## SUPPLIED INFORMATION
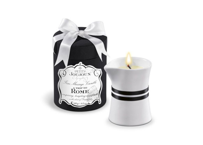 Пропонуємо купити масажну свічку Petits Joujoux - Rome - Grapefruit and Bergamott з яскравим ароматом грейпфрута та бергамота, який має підбадьорливу та збуджуючу дію. Просто уявіть: спекотне римське літо, запашний цитрусовий сад, пряний бергамот і повна свобода для незабутніх еротичних пригод.
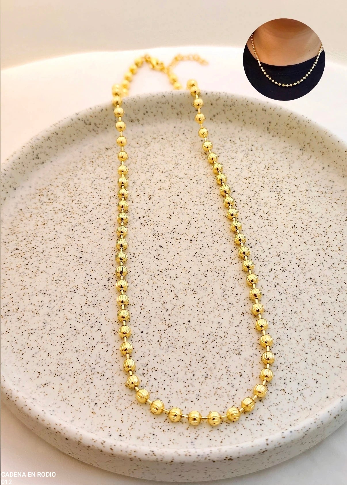 Cadena delicada con bolitas en rodio dorado, perfecta para un look minimalista y brillante. Ligera, elegante y ideal para usar sola o en capas. ✨
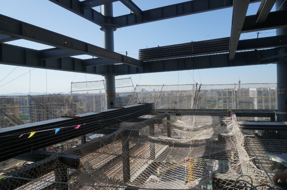 項目現場展示了金環鋼結構安裝操作平台、采光頂安全防護網等安全防禦措施。通過設立“生命線”安全繩、塔吊預警裝置、磁力緩降裝置、防墜網、懸挑防護網欄、懸挑腳手架等安全設施裝置的應用,東南智彙城項目部大力推進“安全生産”理念,提升項目安全保障能力,有效的保障了施工人員的生命安全,為廣大施工人員築起一道牢固的安全屏障。

## PROBLEM REQUIREMENTS
Give back all of the data exactly, but not the pictures.

## RESPONSE
 Пропонуємо купити масажну свічку Petits Joujoux - Rome - Grapefruit and Bergamott з яскравим ароматом грейпфрута та бергамота, який має підбадьорливу та збуджуючу дію. Просто уявіть: спекотне римське літо, запашний цитрусовий сад, пряний бергамот і повна свобода для незабутніх еротичних пригод.
 Cadena delicada con bolitas en rodio dorado, perfecta para un look minimalista y brillante. Ligera, elegante y ideal para usar sola o en capas. ✨
 項目現場展示了金環鋼結構安裝操作平台、采光頂安全防護網等安全防禦措施。通過設立“生命線”安全繩、塔吊預警裝置、磁力緩降裝置、防墜網、懸挑防護網欄、懸挑腳手架等安全設施裝置的應用,東南智彙城項目部大力推進“安全生産”理念,提升項目安全保障能力,有效的保障了施工人員的生命安全,為廣大施工人員築起一道牢固的安全屏障。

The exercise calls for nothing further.